2 Mes plus grands remerciements vont à la waimh pour avoir créé ce prix au nom de S. Lebovici et pour m’avoir permis d’être la première à avoir le grand honneur d’en bénéficier. Merci beaucoup au comité local pour avoir organisé cette soirée.
3 N’est-ce pas fantastique aussi, cher Barry Brazelton, qu’ayant été ensemble juniors au James Putnam Children Center à Boston, nous nous retrouvions ensemble encore, cinquante ans plus tard, à la fin de notre vie professionnelle et, après tout, plutôt en forme pour des octogénaires ?
4 Je profiterai de l’occasion pour dire comme cette récompense venant d’une organisation internationale et portant le nom de Lebovici me touche !
5 J’aimerais que vous sachiez que cette récompense est due est à des gens merveilleux d’organisations nationales et internationales que j’ai eu la chance de rencontrer aux moments où j’en avais besoin et qui m’ont tant apporté. J’aimerais tant qu’ils soient là.
6 Si je suis ici aujourd’hui, c’est surtout grâce à une femme très généreuse, madame Carmalt de New York, qui aimait mon pays et soutenait la Résistance française. Elle décida de donner une bourse à quelques jeunes gens qui avaient participé à la Résistance, qui avaient été déportés, qui parlaient anglais couramment, qui avaient obtenu leur diplôme universitaire juste avant d’être arrêtés, mais qui avaient besoin d’aide pour recommencer une vie nouvelle et reprendre leurs études initiales. J’ai eu la chance d’être l’une des quelques personnes à être choisies parmi tous ceux, nombreux, qui remplissaient tous ces critères.
7 Voilà comment, après une courte période (de mars à juin 1946) dans le service de pédiatrie au John Hopkins Hospital de Baltimore où je me sentais perdue, je me retrouvai à Boston pour obtenir un peu d’expérience en pédopsychiatrie.

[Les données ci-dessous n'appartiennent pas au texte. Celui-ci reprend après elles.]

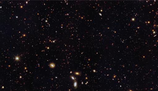 Eine der zwei Himmelsregionen, in denen das CANDELS-Team einen ungewöhnlichen neuen Typ Zwerggalaxie gefunden hat. Der gezeigte Ausschnitt ist Teil des so genannten GOODS-South-Felds im Sternbild Chemischer Ofen (lat. Fornax). Es handelt sich um ein Falschfarbenbild aus Daten der beiden astronomischen Kameras ACS und WFC3 des Weltraumteleskops Hubble. Quelle: Bild: NASA/ESA, A. van der Wel (MPIA), H. Ferguson & A. Koekemoer (STScI) und das CANDELS-Team. (idw)
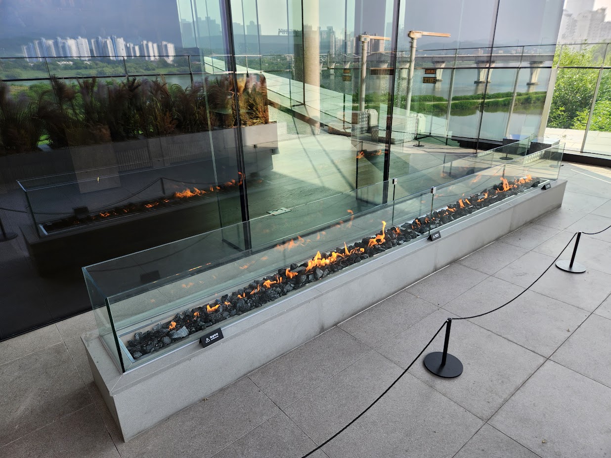 팔당 DT와 달리 옥상 테라스가 없고 그냥 바깥 한강뷰 구경만 가능하게 되어 있는데, 여기서는 불멍도 가능하게 정말 가스불이지만 불도 땝니다. LCD로 구현한 가짜가 아니라 정말 불 맞습니다.
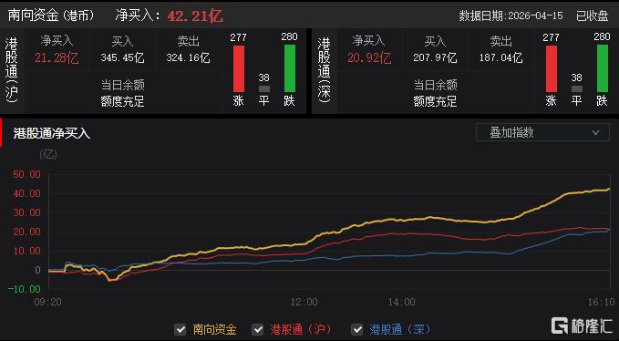 今日,南向资金净买入42.21亿港元,其中港股通(沪)净买入21.28亿港元,港股通(深)净买入20.92亿港元。
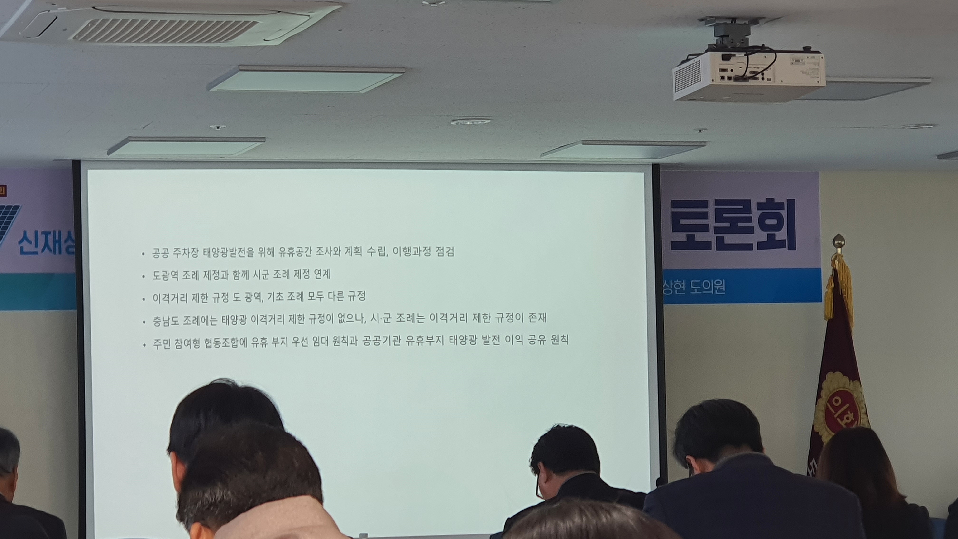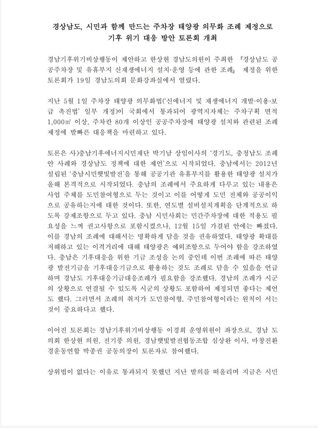 경남기후위기비상행동이 제안하고 한상현 경남도의원이 주최한 『경상남도 공공주차장 및 유휴부지 신재생에너지 설치 · 운영 등에 관한 조례』 제정을 위한 토론회가 19 일 경남도의회 문화강좌실에서 열렸다. 지난 5 월 1일 주차장 태양광 의무화법(‘신에너지 및 재생에너지 개발·이용·보급 촉진법' 일부 개정)이 국회에서 통과되어 광역지자체는 주차구획 면적 1,000m' 이상, 주차칸 80 개 이상인 공공주차장에 태양광 설치와 관련된 조례 제정에 발빠른 대응책을 마련하고 있다.
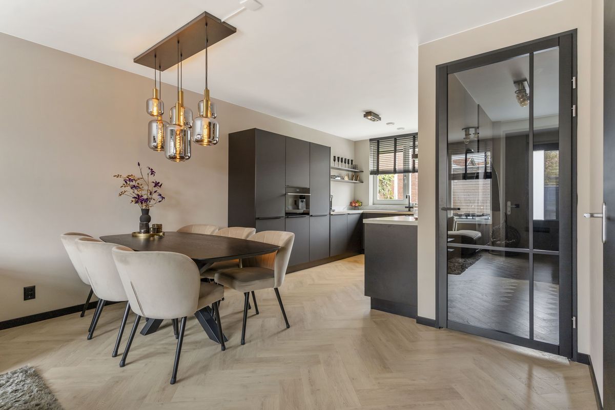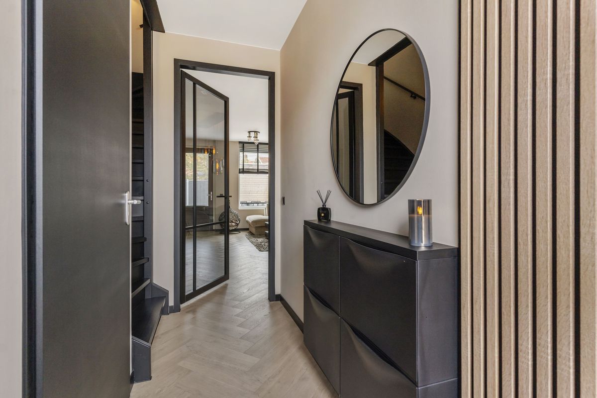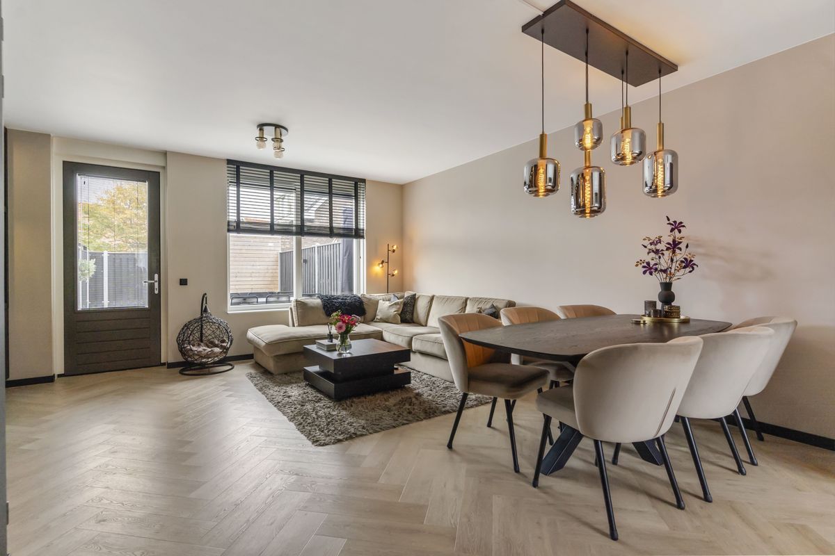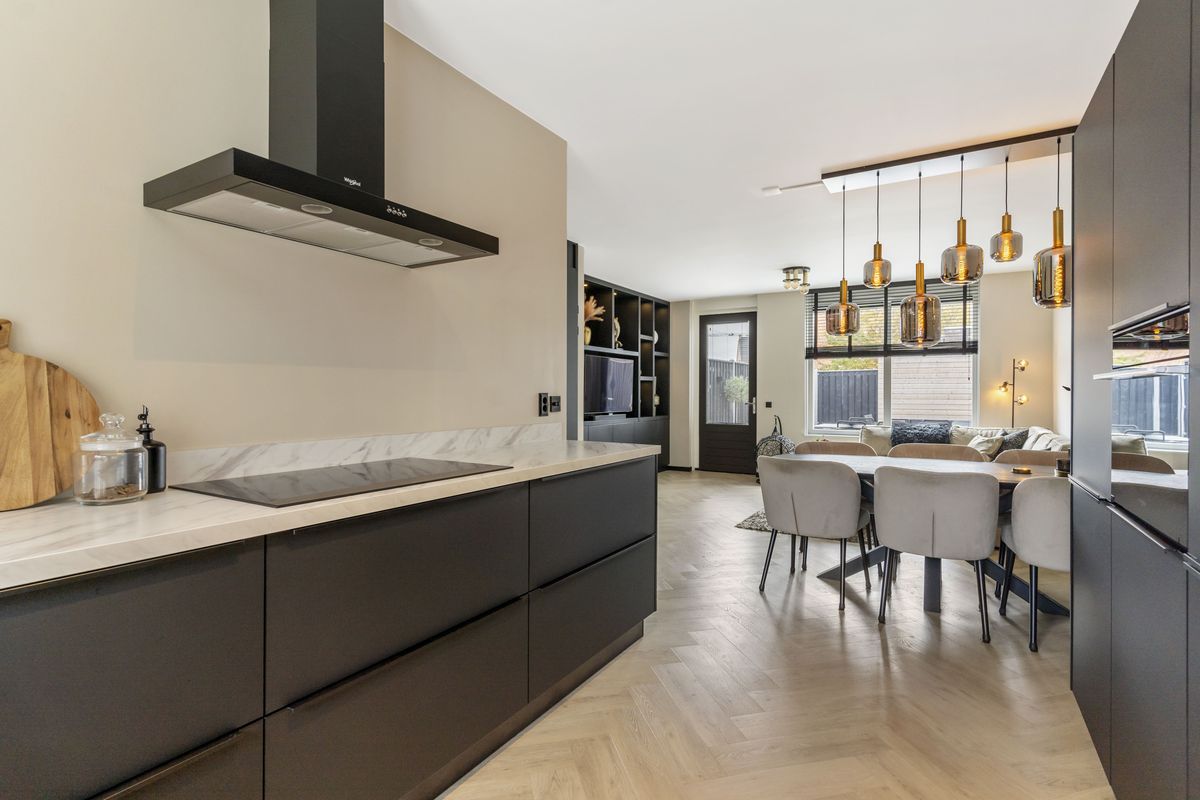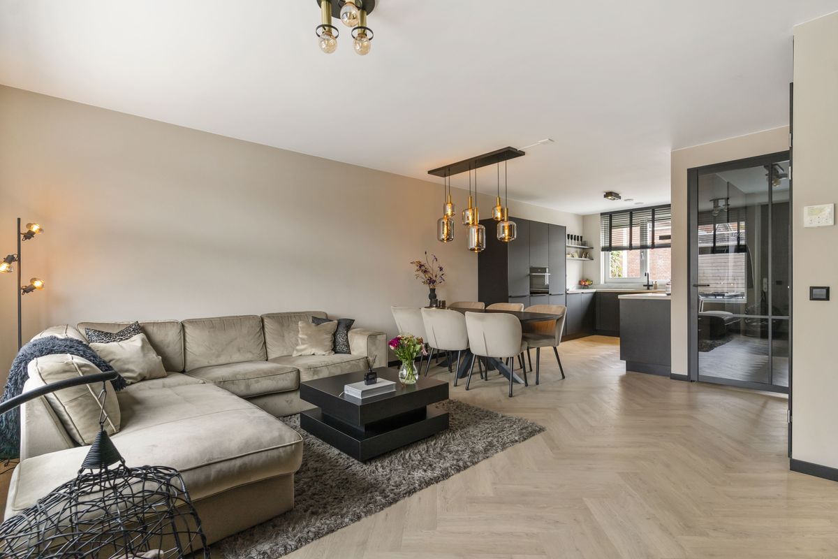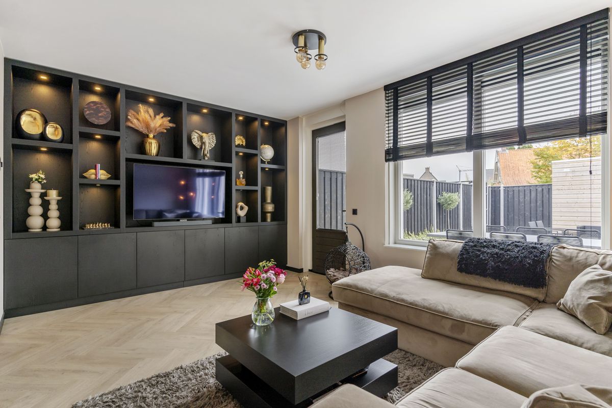 De ruime en lichte woonkamer zijn strak afgewerkt met onder andere een visgraat pvc-vloer, zwarte plinten en een op maat gemaakt tv-meubel (beschikbaar ter overname).
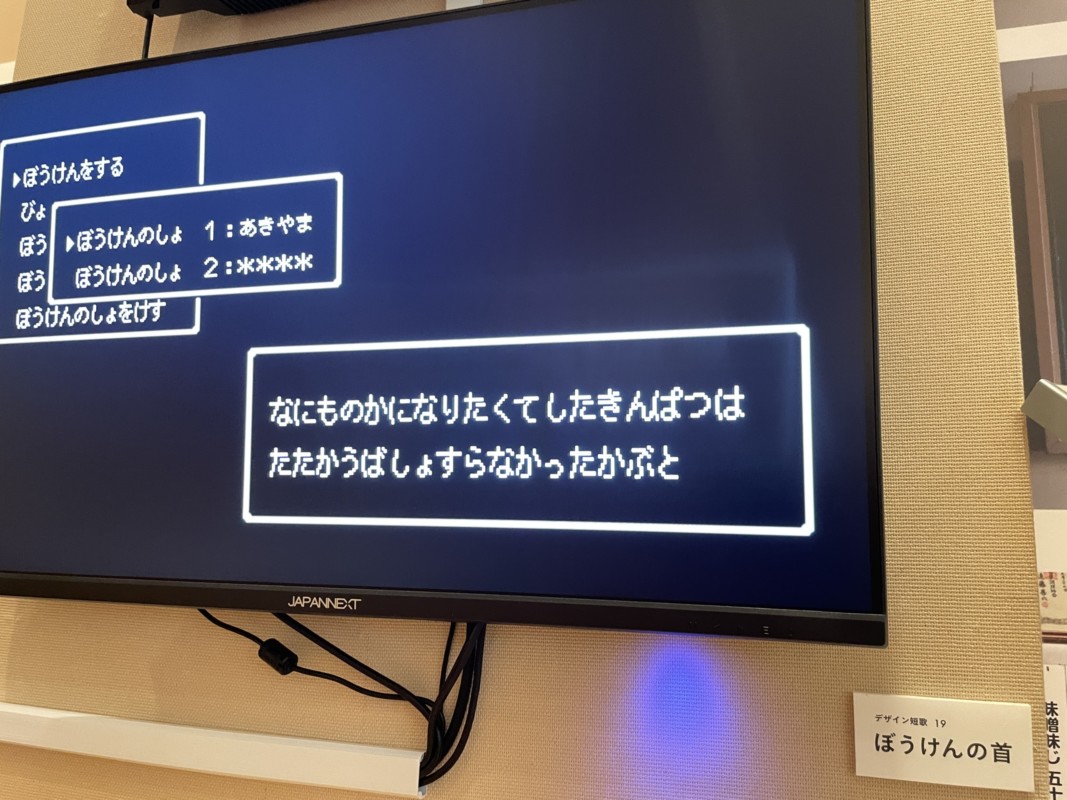 短歌をRPG風に再現した展示があったり、いやもう一番右の短歌最高だと思う。
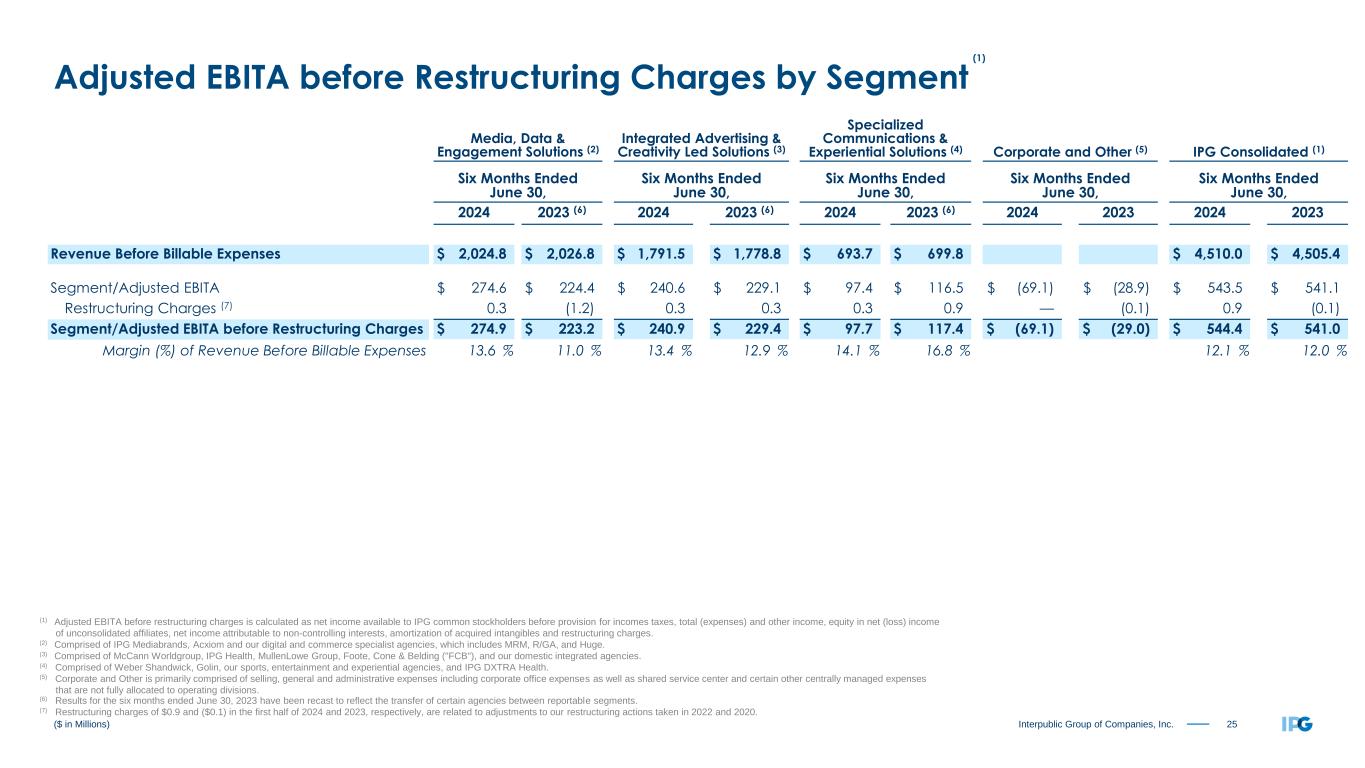 24Interpublic Group of Companies, Inc. Media, Data & Engagement Solutions (2) Integrated Advertising & Creativity Led Solutions (3) Specialized Communications & Experiential Solutions (4) Corporate and Other (5) IPG Consolidated (1) Three Months Ended June 30, Three Months Ended June 30, Three Months Ended June 30, Three Months Ended June 30, Three Months Ended June 30, 2024 2023 (6) 2024 2023 (6) 2024 2023 (6) 2024 2023 2024 2023 Revenue Before Billable Expenses $ 1,063.5 $ 1,060.9 $ 910.1 $ 908.3 $ 353.5 $ 359.3 $ 2,327.1 $ 2,328.5 Segment/Adjusted EBITA $ 181.4 $ 144.6 $ 132.7 $ 131.0 $ 53.5 $ 71.3 $ (29.0) $ (15.0) $ 338.6 $ 331.9 Restructuring Charges (7) 0.3 (1.2) — — — (0.4) — (0.1) 0.3 (1.7) Segment/Adjusted EBITA before Restructuring Charges $ 181.7 $ 143.4 $ 132.7 $ 131.0 $ 53.5 $ 70.9 $ (29.0) $ (15.1) $ 338.9 $ 330.2 Margin (%) of Revenue Before Billable Expenses 17.1 % 13.5 % 14.6 % 14.4 % 15.1 % 19.7 % 14.6 % 14.2 % ($ in Millions) (1) Adjusted EBITA before restructuring charges is calculated as net income available to IPG common stockholders before provision for incomes taxes, total (expenses) and other income, equity in net (loss) income of unconsolidated affiliates, net income attributable to non-controlling interests, amortization of acquired intangibles and restructuring charges. (2) Comprised of IPG Mediabrands, Acxiom and our digital and commerce specialist agencies, which includes MRM, R/GA, and Huge. (3) Comprised of McCann Worldgroup, IPG Health, MullenLowe Group, Foote, Cone & Belding ("FCB"), and our domestic integrated agencies. (4) Comprised of Weber Shandwick, Golin, our sports, entertainment and experiential agencies, and IPG DXTRA Health. (5) Corporate and Other is primarily comprised of selling, general and administrative expenses including corporate office expenses as well as shared service center and certain other centrally managed expenses that are not fully allocated to operating divisions. (6) Results for the three months ended June 30, 2023 have been recast to reflect the transfer of certain agencies between reportable segments. (7) Restructuring charges of $0.3 and ($1.7) in the second quarter of 2024 and 2023, respectively, are related to adjustments to our restructuring actions taken in 2022 and 2020. Adjusted EBITA before Restructuring Charges by Segment (1)

Cela est devenu la chance de ma vie, la rencontre extraordinaire qui a été à la base de la poursuite de ma carrière. Non seulement la qualité de l’enseignement et de l’expérience clinique mais aussi l’attention chaleureuse des patients et de leurs parents m’étaient données généreusement.
8 Merci à Georges Gardner pour votre accueil amical et pour m’avoir admise à la clinique de guidance Judge Bager sur Bacon Street, à la condition que j’y reste au moins un an. Le renouvellement de la bourse chaque année, une de la fondation Rockfeller, une autre d’inh, m’a permis de rester trois ans.
9 Merci à Marian Putnam pour m’avoir admise ensuite dans votre centre Jame Jackson Putnam, à la suggestion de Beata Rank qui était mon superviseur à la clinique Judge Baker.
10 Merci Madame Rank pour votre aide constante, votre générosité, votre compréhension et votre confiance dans mes capacités à entreprendre ce travail.
11 Merci de m’avoir donné l’expérience de savoir, pour le reste de ma vie, ce qu’« entendre » veut dire, à la fois pour celui qui écoute et pour celui qui est écouté. J’ai eu aussi la chance d’être plongée dans un « bain psychanalytique » de grande qualité et d’être encouragée par tout le personnel senior, de bénéficier d’une supervision hebdomadaire, de conférences, de rencontres avec des travailleurs sociaux qui s’occupaient des mères de mes patients. Merci au Dr Félix Deutsch pour mon analyse et à ceux qui mènent les séminaires du soir à l’institut de psychanalyse de Boston et à l’hôpital de Massachusetts.
12 À la fin de ces trois années, j’étais prête à revenir en France, en sachant ce que je voulais faire et comment le faire.
13 Maintenant que je suis âgée et capable de revenir sur ma vie, je me rends compte que ce genre de miracle s’est produit plusieurs fois, fournissant chaque fois un terrain propice au travail et à la rencontre avec des personnes qui m’ont aidée. Certains étaient des débutants enthousiastes, comme Geneviève Appell, prête à investir toute son énergie à la tâche, d’autres avec plus d’expérience, comme John Bowlby et son équipe, Donald Buckle de l’Organisation mondiale de la santé, et beaucoup d’autres qui nous ont donné leur temps et attention, ont partagé leurs connaissances, nous ont invités à des séminaires, reçus dans leurs services, René Spitz et John Benjamin à Denver, Sally Provence à Newhaven, Julius Richmond à Syracuse, Emmi Pikler à Budapest et d’autres qui nous ont aidés à trouver des fonds de recherche.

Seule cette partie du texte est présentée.